Leave out all pictures and retype exactly the lines from the one with "主要由井式工件庫、推料氣缸、" through the last line of the material.

Recorded data below:

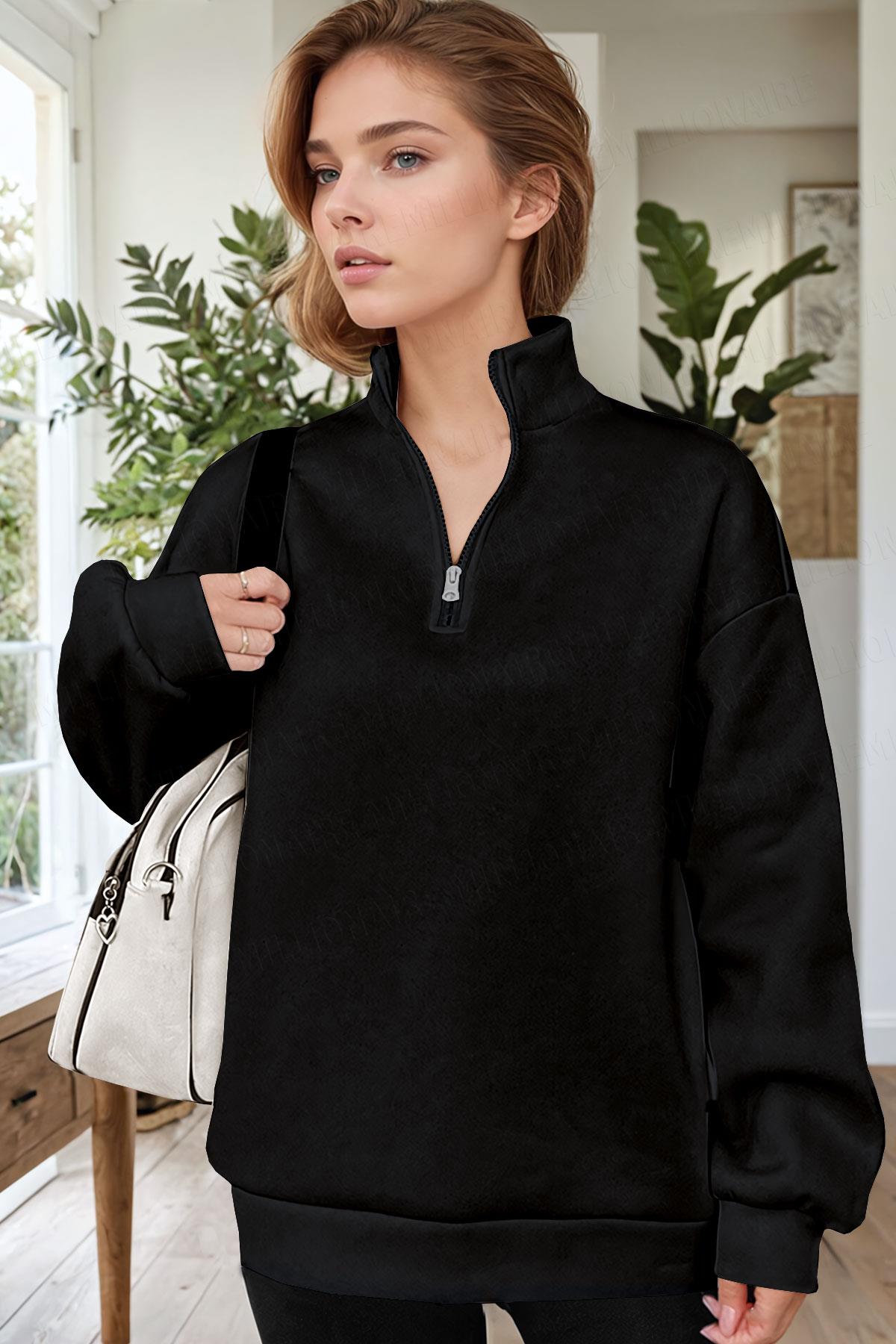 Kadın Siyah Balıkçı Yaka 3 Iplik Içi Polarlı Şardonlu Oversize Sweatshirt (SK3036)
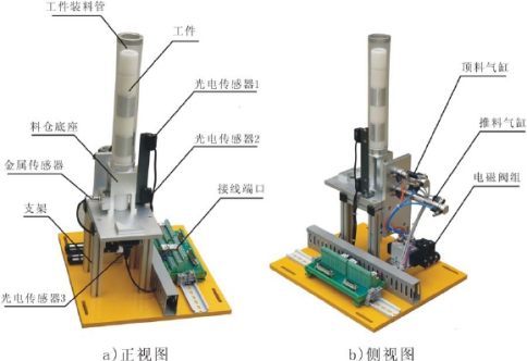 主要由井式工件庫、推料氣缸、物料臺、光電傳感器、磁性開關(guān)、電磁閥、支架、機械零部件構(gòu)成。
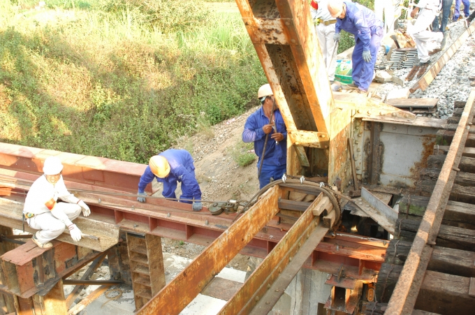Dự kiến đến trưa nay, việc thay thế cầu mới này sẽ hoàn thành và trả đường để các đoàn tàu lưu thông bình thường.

End of Recorded data.

▶ _Answer for the task_:
 主要由井式工件庫、推料氣缸、物料臺、光電傳感器、磁性開關(guān)、電磁閥、支架、機械零部件構(gòu)成。
Dự kiến đến trưa nay, việc thay thế cầu mới này sẽ hoàn thành và trả đường để các đoàn tàu lưu thông bình thường.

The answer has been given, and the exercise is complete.